• **ACTIVITY**: For the records that follow, work out how many lines include "маркетингу" and give only that count.

• **RECORDED INFORMATION**:
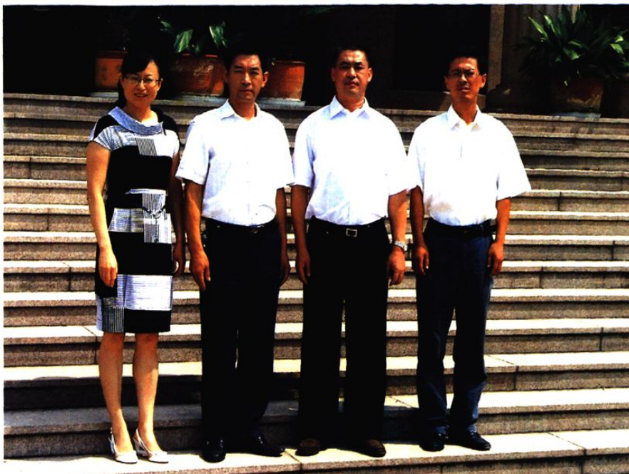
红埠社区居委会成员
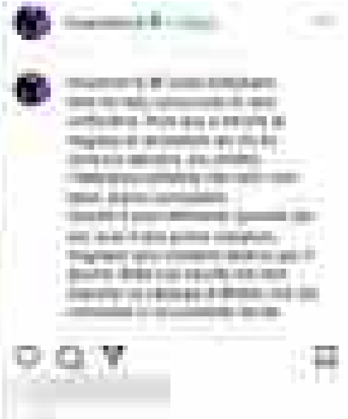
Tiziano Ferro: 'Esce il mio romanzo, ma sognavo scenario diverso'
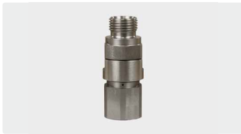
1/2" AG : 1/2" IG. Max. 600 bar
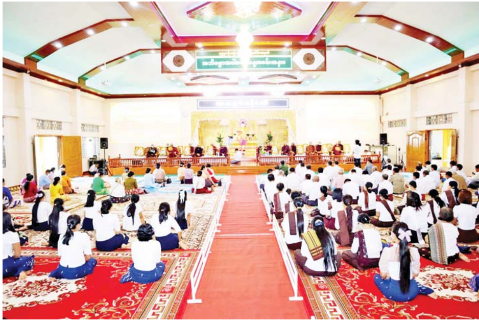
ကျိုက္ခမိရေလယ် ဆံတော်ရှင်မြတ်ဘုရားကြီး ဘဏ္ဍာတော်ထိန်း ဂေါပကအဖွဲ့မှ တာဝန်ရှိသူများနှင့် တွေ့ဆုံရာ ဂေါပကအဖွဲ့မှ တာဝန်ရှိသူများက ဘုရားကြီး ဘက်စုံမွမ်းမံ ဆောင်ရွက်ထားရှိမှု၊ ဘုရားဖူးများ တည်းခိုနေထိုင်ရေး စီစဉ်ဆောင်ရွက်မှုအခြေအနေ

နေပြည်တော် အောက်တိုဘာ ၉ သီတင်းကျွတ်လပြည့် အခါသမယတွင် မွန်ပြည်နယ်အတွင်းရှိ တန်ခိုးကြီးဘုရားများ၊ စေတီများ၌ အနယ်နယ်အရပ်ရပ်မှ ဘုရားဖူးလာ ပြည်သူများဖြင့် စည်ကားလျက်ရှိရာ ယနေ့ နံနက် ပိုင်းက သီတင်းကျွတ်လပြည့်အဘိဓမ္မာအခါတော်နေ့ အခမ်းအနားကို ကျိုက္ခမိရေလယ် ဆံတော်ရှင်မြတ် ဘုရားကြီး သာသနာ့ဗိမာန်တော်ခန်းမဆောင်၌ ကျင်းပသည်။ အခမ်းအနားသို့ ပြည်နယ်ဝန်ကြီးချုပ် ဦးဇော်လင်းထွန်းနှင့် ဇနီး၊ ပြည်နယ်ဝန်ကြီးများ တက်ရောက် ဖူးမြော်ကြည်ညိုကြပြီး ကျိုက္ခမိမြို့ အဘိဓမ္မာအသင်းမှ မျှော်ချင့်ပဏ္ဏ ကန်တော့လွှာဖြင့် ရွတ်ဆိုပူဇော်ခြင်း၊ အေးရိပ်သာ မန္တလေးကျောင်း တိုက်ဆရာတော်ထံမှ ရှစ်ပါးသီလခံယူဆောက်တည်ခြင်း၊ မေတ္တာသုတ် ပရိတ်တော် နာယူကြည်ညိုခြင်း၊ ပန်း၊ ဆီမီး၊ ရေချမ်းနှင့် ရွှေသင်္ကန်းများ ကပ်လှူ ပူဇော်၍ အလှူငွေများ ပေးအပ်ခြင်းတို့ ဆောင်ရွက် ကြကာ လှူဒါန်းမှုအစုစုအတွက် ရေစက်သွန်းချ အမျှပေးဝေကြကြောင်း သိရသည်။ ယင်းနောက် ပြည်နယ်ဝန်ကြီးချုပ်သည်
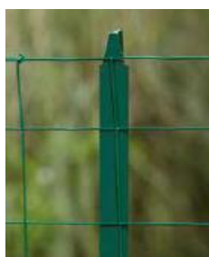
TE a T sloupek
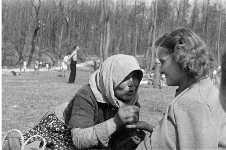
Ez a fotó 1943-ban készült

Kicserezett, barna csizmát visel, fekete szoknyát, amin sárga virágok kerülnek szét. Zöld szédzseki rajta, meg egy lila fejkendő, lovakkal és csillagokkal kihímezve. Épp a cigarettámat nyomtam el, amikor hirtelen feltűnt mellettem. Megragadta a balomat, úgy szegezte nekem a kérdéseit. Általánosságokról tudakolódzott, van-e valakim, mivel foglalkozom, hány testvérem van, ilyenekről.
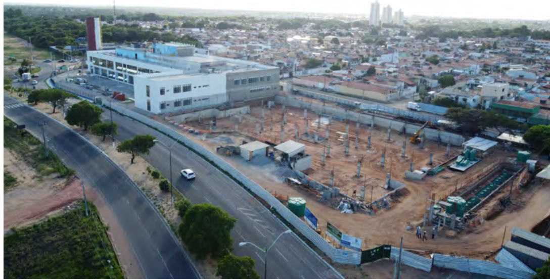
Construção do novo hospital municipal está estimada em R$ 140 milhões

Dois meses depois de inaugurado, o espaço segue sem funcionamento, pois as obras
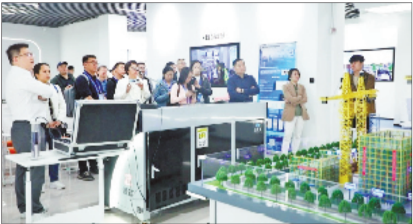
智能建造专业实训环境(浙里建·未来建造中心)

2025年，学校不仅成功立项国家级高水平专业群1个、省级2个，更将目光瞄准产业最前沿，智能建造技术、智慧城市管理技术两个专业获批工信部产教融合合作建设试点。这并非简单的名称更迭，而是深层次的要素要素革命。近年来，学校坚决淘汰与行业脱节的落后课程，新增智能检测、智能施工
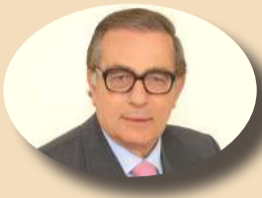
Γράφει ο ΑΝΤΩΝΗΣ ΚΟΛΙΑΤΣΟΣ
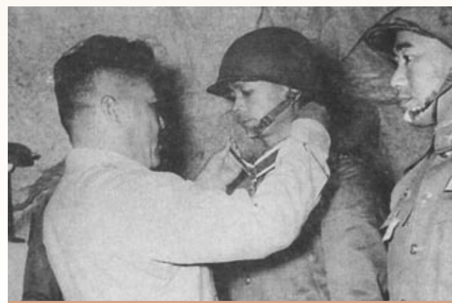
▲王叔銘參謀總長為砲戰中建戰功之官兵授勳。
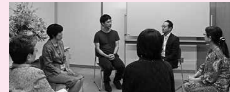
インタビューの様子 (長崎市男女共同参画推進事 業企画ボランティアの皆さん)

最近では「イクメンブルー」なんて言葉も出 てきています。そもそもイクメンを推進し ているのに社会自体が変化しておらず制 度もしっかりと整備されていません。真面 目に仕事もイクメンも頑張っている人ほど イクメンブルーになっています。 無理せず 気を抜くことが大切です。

==

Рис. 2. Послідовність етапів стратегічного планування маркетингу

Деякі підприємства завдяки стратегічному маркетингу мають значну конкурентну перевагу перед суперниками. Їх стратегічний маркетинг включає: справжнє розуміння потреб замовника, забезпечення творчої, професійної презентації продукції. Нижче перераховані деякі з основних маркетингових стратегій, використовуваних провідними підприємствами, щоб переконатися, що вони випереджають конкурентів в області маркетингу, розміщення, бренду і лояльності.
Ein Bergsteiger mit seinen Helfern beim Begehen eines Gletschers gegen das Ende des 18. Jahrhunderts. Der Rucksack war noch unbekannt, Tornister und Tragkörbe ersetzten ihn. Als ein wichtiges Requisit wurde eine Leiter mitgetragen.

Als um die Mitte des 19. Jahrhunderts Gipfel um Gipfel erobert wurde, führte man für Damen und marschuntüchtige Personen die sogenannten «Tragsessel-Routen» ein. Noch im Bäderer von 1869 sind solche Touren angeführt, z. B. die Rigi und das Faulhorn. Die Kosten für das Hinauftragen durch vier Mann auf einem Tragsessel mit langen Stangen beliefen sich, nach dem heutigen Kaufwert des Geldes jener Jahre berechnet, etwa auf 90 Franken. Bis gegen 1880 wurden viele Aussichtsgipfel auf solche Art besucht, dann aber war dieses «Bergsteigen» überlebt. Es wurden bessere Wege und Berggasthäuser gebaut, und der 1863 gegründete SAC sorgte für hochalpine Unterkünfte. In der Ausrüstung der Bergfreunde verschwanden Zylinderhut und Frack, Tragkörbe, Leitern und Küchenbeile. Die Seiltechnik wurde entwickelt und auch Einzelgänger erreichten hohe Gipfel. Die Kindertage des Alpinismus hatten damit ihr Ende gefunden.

• **ANSWER FOR THIS EXERCISE**: 2